Work to be completed: Please transcribe only the lines that run from the line bearing "四川,黄龙,雨天,靛蓝,树木,瑶池,五彩池,彩池,水,地质" to the end of the entries, keeping both end lines. Skip the pictures.

(Dataset items)

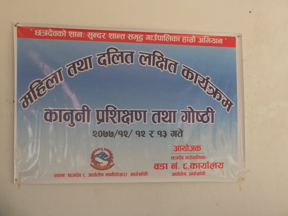 १२ र १३ गरि दुईदिन वडा भित्रका महिला तथा दलित समुदायका महिला लाई लक्षित गरि ६० जना महिलाहरुलाई कानुनी प्रशिक्षण तालिम प्रदान गरिएकाे वडा सचिव पुस्पराज भण्डारीले जानकारी दिनु भयाे।
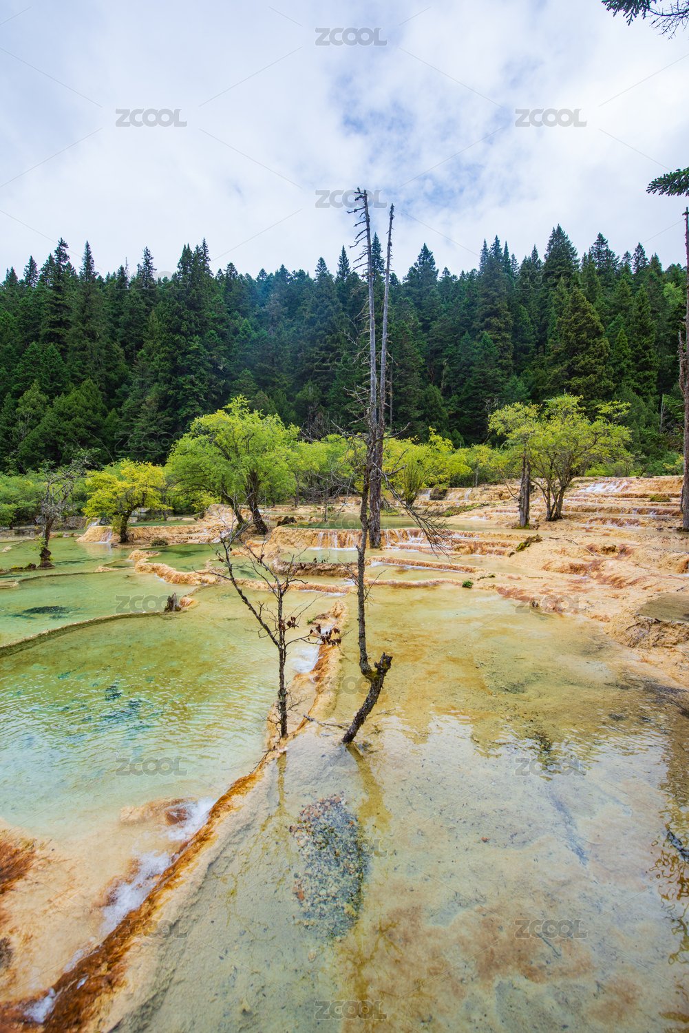 四川,黄龙,雨天,靛蓝,树木,瑶池,五彩池,彩池,水,地质
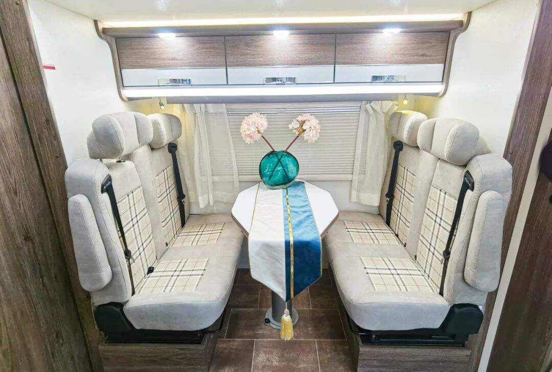 车身左侧拓展打开以后,是一组四人对坐沙发,尺寸挺大,可以满足4人在此休息,会客区座椅全部为乘用车标准改为会客区座椅全部为乘用车标准,带3C认证,安全更可靠驻车以后还可以把餐桌降低,变成一张尺寸约为1860*900mm的沙发床,可以满足一人休息。
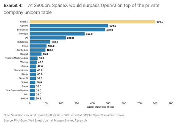 모건스탠리) 스페이스 X의 $800B 밸류? 우주 데이터센터?
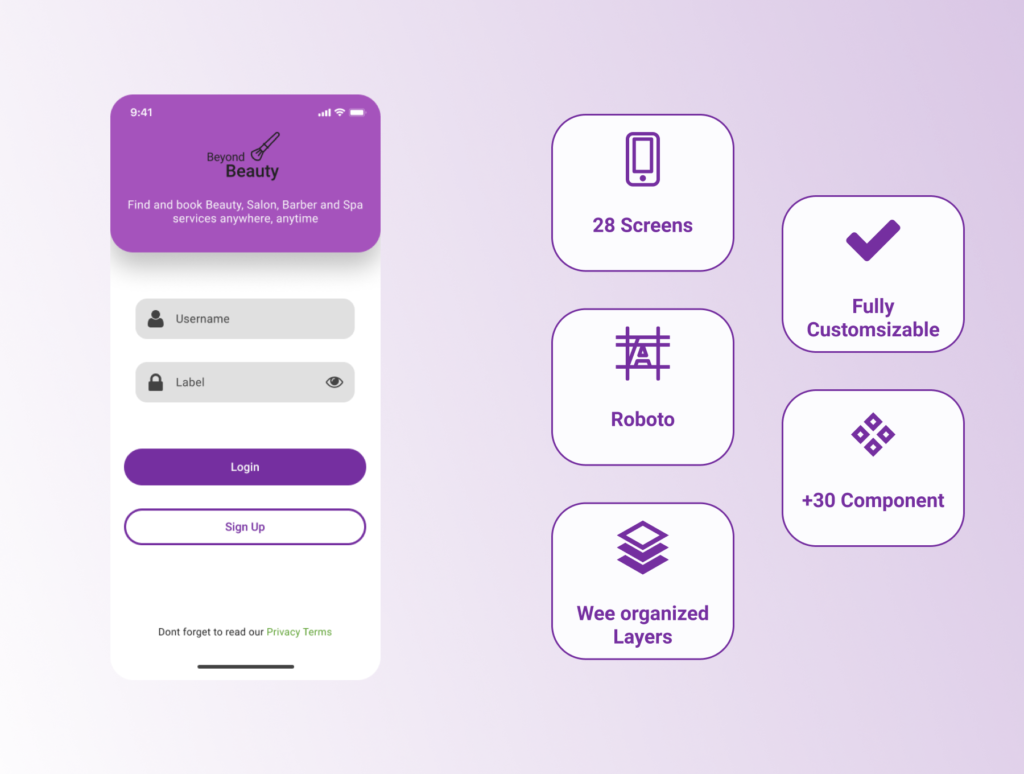 Beyond Beauty is a Salon and beauty industry app platform for all people around the world. i tried to design it so easy to use and Customizable. all layers are named and organized. Free icons and font used. All posters and Pretension images are available in kit . Trying to make your workflow as efficient as possible.

Task answer:
 四川,黄龙,雨天,靛蓝,树木,瑶池,五彩池,彩池,水,地质
 车身左侧拓展打开以后,是一组四人对坐沙发,尺寸挺大,可以满足4人在此休息,会客区座椅全部为乘用车标准改为会客区座椅全部为乘用车标准,带3C认证,安全更可靠驻车以后还可以把餐桌降低,变成一张尺寸约为1860*900mm的沙发床,可以满足一人休息。
 모건스탠리) 스페이스 X의 $800B 밸류? 우주 데이터센터?
 Beyond Beauty is a Salon and beauty industry app platform for all people around the world. i tried to design it so easy to use and Customizable. all layers are named and organized. Free icons and font used. All posters and Pretension images are available in kit . Trying to make your workflow as efficient as possible.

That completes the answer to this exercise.